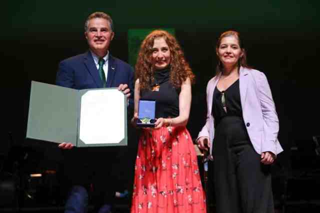 Pie de foto 2: Entrega del Escudo de Antioquia al Vicerrector de la Universidad Nacional de Colombia, sede Medellín, Juan Camilo Restrepo Gutiérrez y a la Decana de la Facultad de Minas, Verónica Botero Fernández.
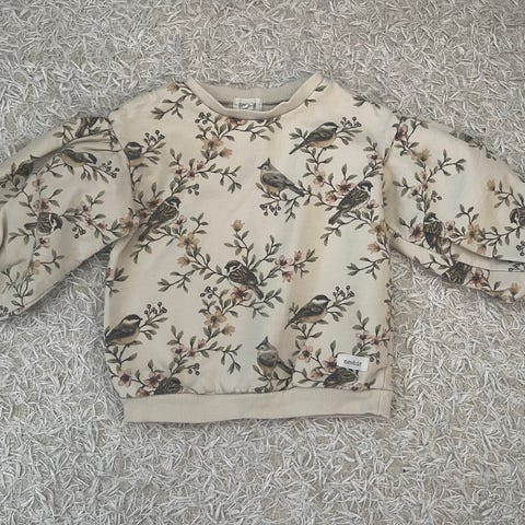 Lähes uudenveroinen Newbien siniharmaa farmi/traktori-aiheinen collegepusero.
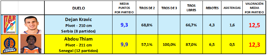 Por último, en lo que respecta al juego interior, las estadísticas también están igualadas, aunque la fortaleza en la captura de rebotes se decanta a favor de los pívots visitantes:
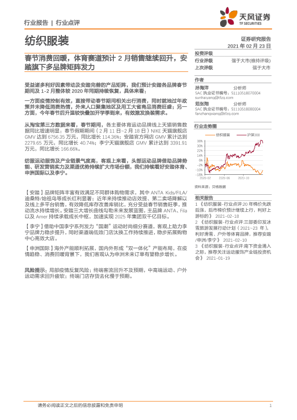 【天风证券】【20210223】纺织服装行业点评:春节消费回暖,体育赛道预计2月销售继续回升,安踏旗下多品牌矩阵发力-2页
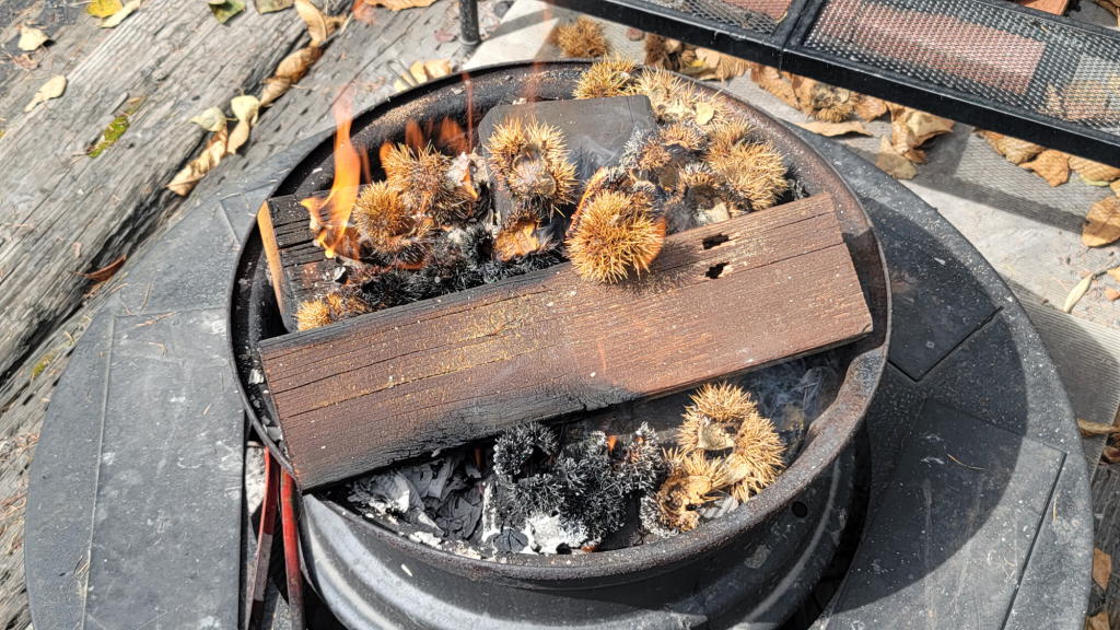 午後2時過ぎから、山栗のイガを燃やすこの時期特有の「焚き火」を楽しむ。
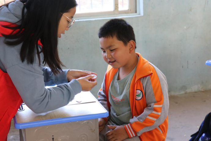 在完成贴画制作后,志愿者们将准备好的贴纸、徽章作为礼物分发给各年级小朋友,并教导他们正确的使用方式。最后,志愿者与小朋友们进行合影留念,活动圆满结束。
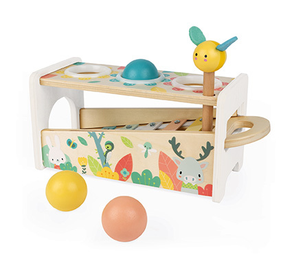 Krásná dřevěná hračka zatloukačka a xylofon v jednom na rozvoj dovednosti ve velmi jemných a moderních barvách s roztomilými dřevními zvířátky. Hračka Vašemu dítěti pomůže rozvíjet obratnost a zároveň si s ní užije i spoustu zábavy. Dvě hry v jednom - kladivem se včeličkou zatlučeme 3 dřevěné barevné kuličky a ty vydávají krásný zvonivý zvuk na klávesách xylofonu a zároveň součástí hračky je samotný odnímatelný xylofon a tak Vaše dítě může hrát kdekoli! Hračka je vhodná pro děti od 12 mesiacov.Rozmer: 29 , 1 x 12 x 13 cm
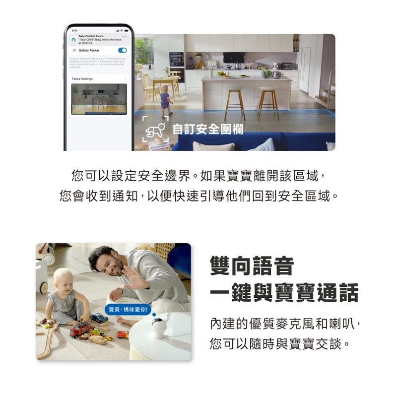 ‧安全圍籬:隨著寶寶的活動能力增強,您可以使用虛擬安全區設定邊界。
-=-=-=-=-
_Exercise aim_. Set down the lines from the one containing "Lähes uudenveroinen Newbien" through the last line of the records above, both included, exactly as they appear and with no other text. Pictures should not be set down.

_Exercise solution_.
 Lähes uudenveroinen Newbien siniharmaa farmi/traktori-aiheinen collegepusero.
 Por último, en lo que respecta al juego interior, las estadísticas también están igualadas, aunque la fortaleza en la captura de rebotes se decanta a favor de los pívots visitantes:
 【天风证券】【20210223】纺织服装行业点评:春节消费回暖,体育赛道预计2月销售继续回升,安踏旗下多品牌矩阵发力-2页
 午後2時過ぎから、山栗のイガを燃やすこの時期特有の「焚き火」を楽しむ。
 在完成贴画制作后,志愿者们将准备好的贴纸、徽章作为礼物分发给各年级小朋友,并教导他们正确的使用方式。最后,志愿者与小朋友们进行合影留念,活动圆满结束。
 Krásná dřevěná hračka zatloukačka a xylofon v jednom na rozvoj dovednosti ve velmi jemných a moderních barvách s roztomilými dřevními zvířátky. Hračka Vašemu dítěti pomůže rozvíjet obratnost a zároveň si s ní užije i spoustu zábavy. Dvě hry v jednom - kladivem se včeličkou zatlučeme 3 dřevěné barevné kuličky a ty vydávají krásný zvonivý zvuk na klávesách xylofonu a zároveň součástí hračky je samotný odnímatelný xylofon a tak Vaše dítě může hrát kdekoli! Hračka je vhodná pro děti od 12 mesiacov.Rozmer: 29 , 1 x 12 x 13 cm
 ‧安全圍籬:隨著寶寶的活動能力增強,您可以使用虛擬安全區設定邊界。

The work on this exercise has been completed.